Exercise aim:
Please repeat only the lines below starting at the line that holds "소스코드를 확인해보면 마찬가지로" and ending at the line that holds "back in stock", exactly, with both of those lines included and every picture omitted.

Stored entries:
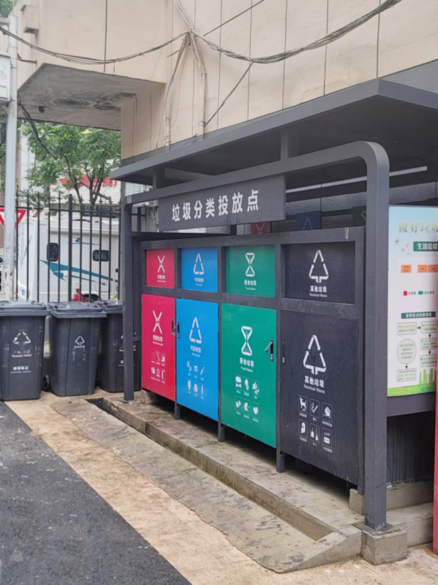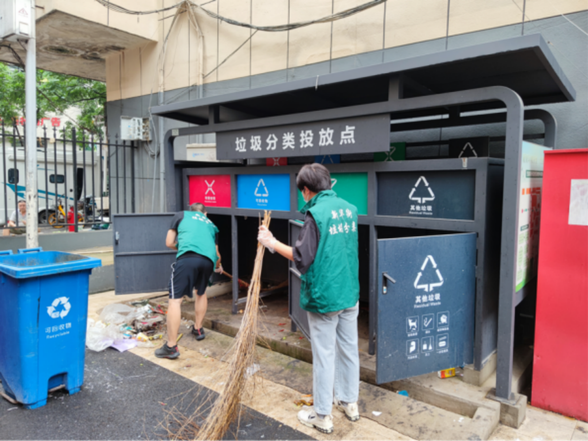 上午10点离开时,他们将垃圾分类点位的地认真地拖了两遍:“我们的垃圾投放点位干净整洁,居民就会跟着保持。”
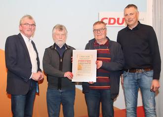 Heeringsessen-CDU-01-03-23-bo-6: Gerhard Koepke, Josef Kolling, Bernd Kuhn (alle: Christliche Hospizhilfe im Landkreis St. Wendel e.V.) erhalten von Andreas Leyerle, Vorsitzender des CDU-Ortsverbandes St. Wendel, die Wendelinusplakette.
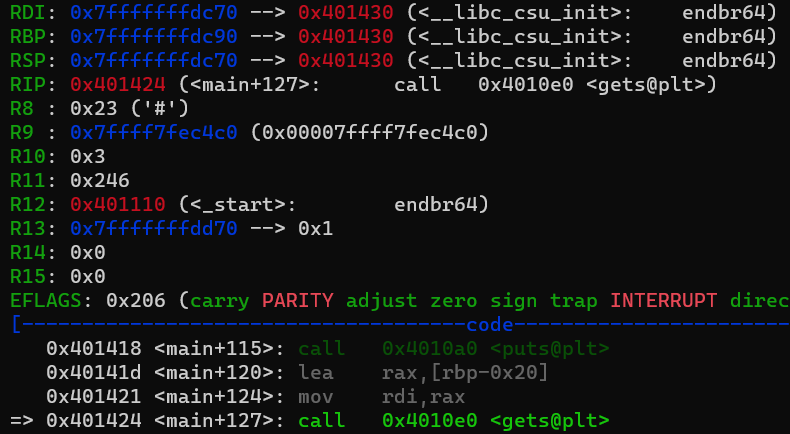 소스코드를 확인해보면 마찬가지로 gets 함수로 입력을 받아 bof 취약점이 발생한다. 이번 문제는 flag를 출력해주는 함수가 따로 존재한다.
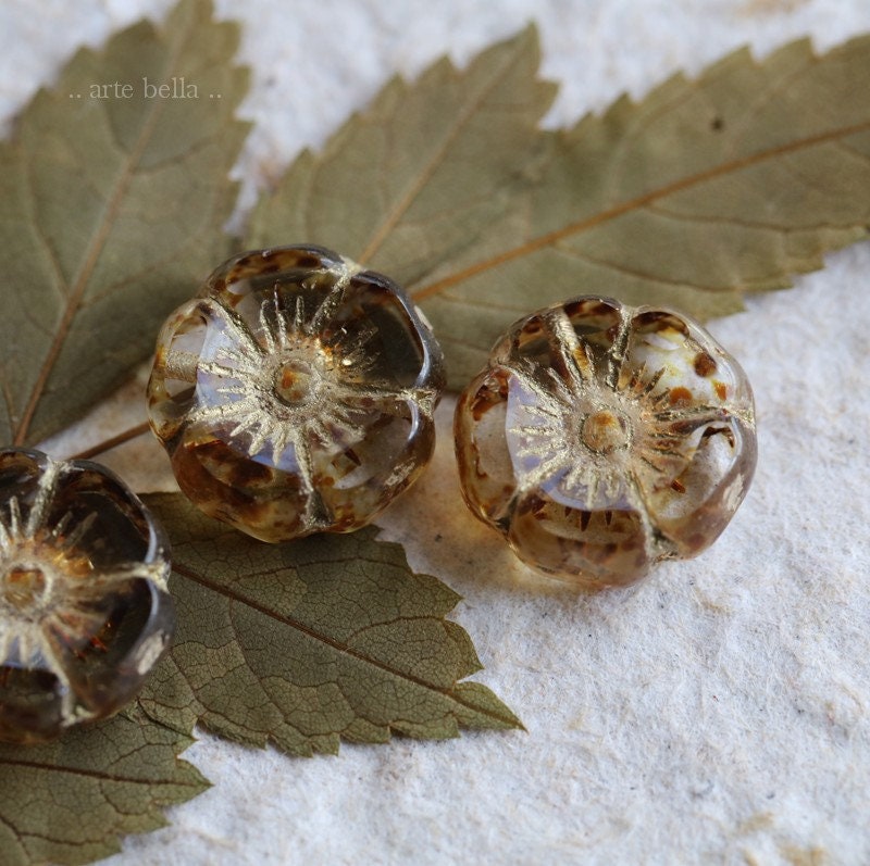 back in stock .. GOLDEN WHISPER PANSY .. 12 Premium Picasso Czech Glass Hibiscus Flower Beads 12mm (7704-st) .. jewelry supplies
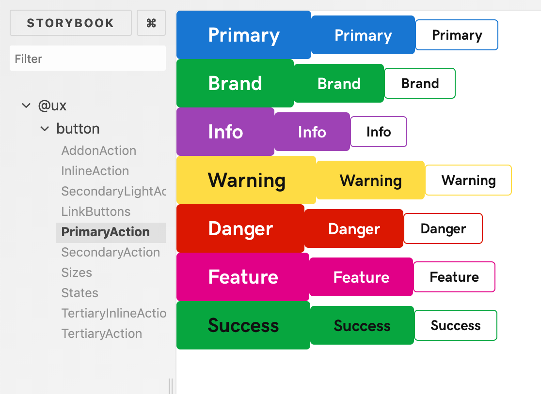 That’s it! Here is @exemplar/storybook showing all of GoDaddy’s primary action buttons at once:
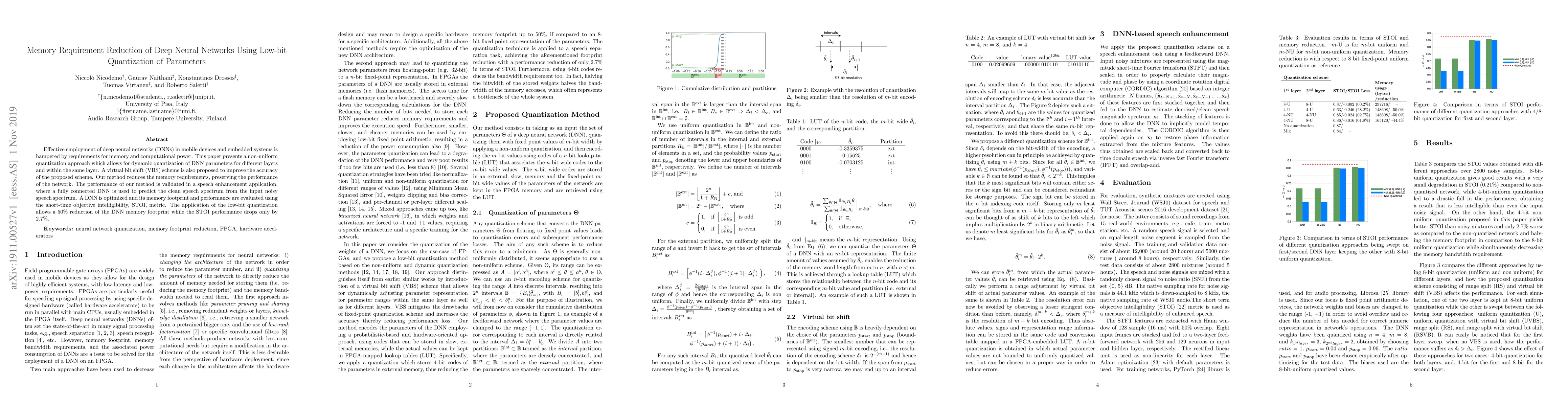 Effective employment of deep neural networks (DNNs) in mobile devices and embedded systems is hampered by requirements for memory and computational power. This paper presents a non-uniform quantization approach which allows for dynamic quantization of DNN parameters for different layers and within the same layer. A virtual bit shift (VBS) scheme is also proposed to improve the accuracy of the proposed scheme. Our method reduces the memory requirements, preserving the performance of the network. The performance of our method is validated in a speech enhancement application, where a fully connected DNN is used to predict the clean speech spectrum from the input noisy speech spectrum. A DNN is optimized and its memory footprint and performance are evaluated using the short-time objective intelligibility, STOI, metric. The application of the low-bit quantization allows a 50% reduction of the DNN memory footprint while the STOI performance drops only by 2.7%.

Result of this task:
 소스코드를 확인해보면 마찬가지로 gets 함수로 입력을 받아 bof 취약점이 발생한다. 이번 문제는 flag를 출력해주는 함수가 따로 존재한다.
 back in stock .. GOLDEN WHISPER PANSY .. 12 Premium Picasso Czech Glass Hibiscus Flower Beads 12mm (7704-st) .. jewelry supplies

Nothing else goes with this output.